Studio album by Rambo Amadeus & Goran Vejvoda
- Released: 1996
- Recorded: July 1995 at studio "Krtola", Paris, except tracks 6 & 7 studio "Ajnštajn", Belgrade
- Genre: Electronic; jazz; rock; avantgarde;
- Label: Komuna

Rambo Amadeus chronology
| Muzika za decu (1995) | Микроорганьизмия (1996) | Titanik (1997) |

= Mikroorganizmi =

Mikroorganizmi (Russian: Микроорганьизмия, Microorganisms) is a studio album released in 1996 by Montenegrin-Serbian musician Rambo Amadeus (credited on the cover as Ranko Amadeus) and Goran Vejvoda. It features inaccessible, moody sound garnered with terse, experimental lyrics marking a sizable departure from Rambo Amadeus' usual antics.
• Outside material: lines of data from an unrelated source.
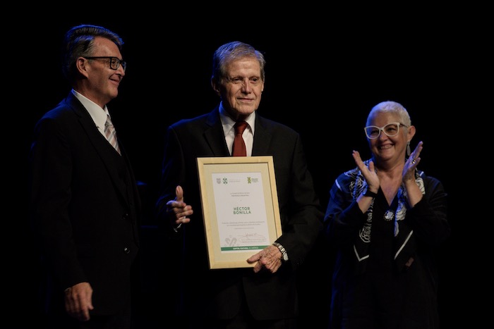 El actor Héctor Bonilla como Patrimonio Cultural Vivo de la Ciudad de México por el Gobierno de la Ciudad de México por su trayectoria en teatro, cine y televisión de 55 años.
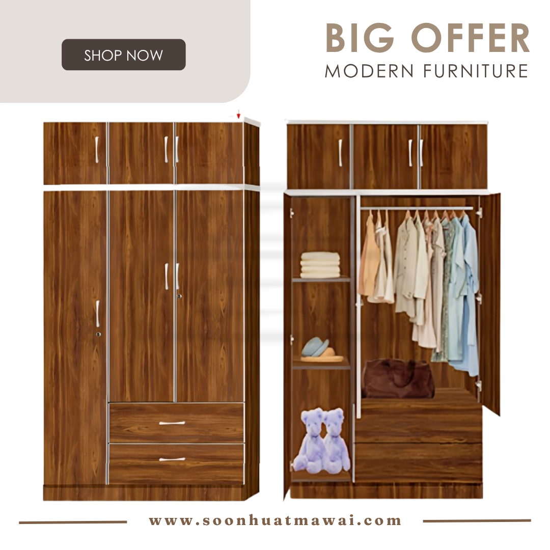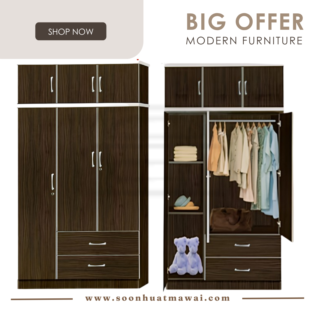 GY 5412+TOP WARDROBE H220 W116 L45 WARDROBE 6 DOOR WITH DRAWER COLOUR: WALNUT GY 6412+TOP WARDROBE H220 W116 L45 WARDROBE 6 DOOR WITH DRAWER COLOUR: WENGE **DELIVERY NOT INCLUDE
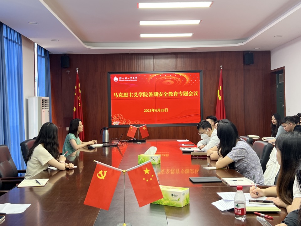 暑假将至,为进一步提高学生的安全和自我保护意识,提醒同学们牢固树立安全意识,增强自防、自护、自救的能力,保证我院学生假期期间安全教育工作正常展开,马克思主义学院于6月26日在学院512会议室组织全体研究生召开安全教育主题会,会议由党总支副书记冯慧娟主持。

Stylistically, Mikroorganizmi is a unique album in Rambo Amadeus' discography and thus can be marked as much more ambient-oriented LP.

==Track listing==
All songs by Rambo Amadeus and Goran Vejvoda

1. "Mikroorganizmi" (5:17) (voice: Sergej Afrika)
2. "Alo Požega" (3:38)
3. "Smrt No. 2" (4:29)
4. "Evribadi dens (nau)" (4:27)
5. "Mango Chutney Jungle" (4:53)
6. "Ray Ban protiv Linguafona" (4:24) (guest performers: Bata Meger and Ninoslav Ademović)
7. "Linguafon protiv Johna Kwesija" (4:33)
8. "Oklopno Rave Kolo Gucha 2001 GTLX" (4:38)
9. (Hidden track) (5:32) (vocals: Rambo Amadeus)

==Personnel==
- Rambo Amadeus
- Goran Vejvoda
- Dragan Vukićević-Gogolj - engineer, mastering
- Slavimir Stojanović - artwork design
- The following samples were used: vinyl "Sremski front" and soundtrack from film Užička republika in track 2, Toma Milanković's archive in track 3, 7 & 8, Antonije Pušić's archive in track 4, some domestic & foreign vinyls in track 5 & 6.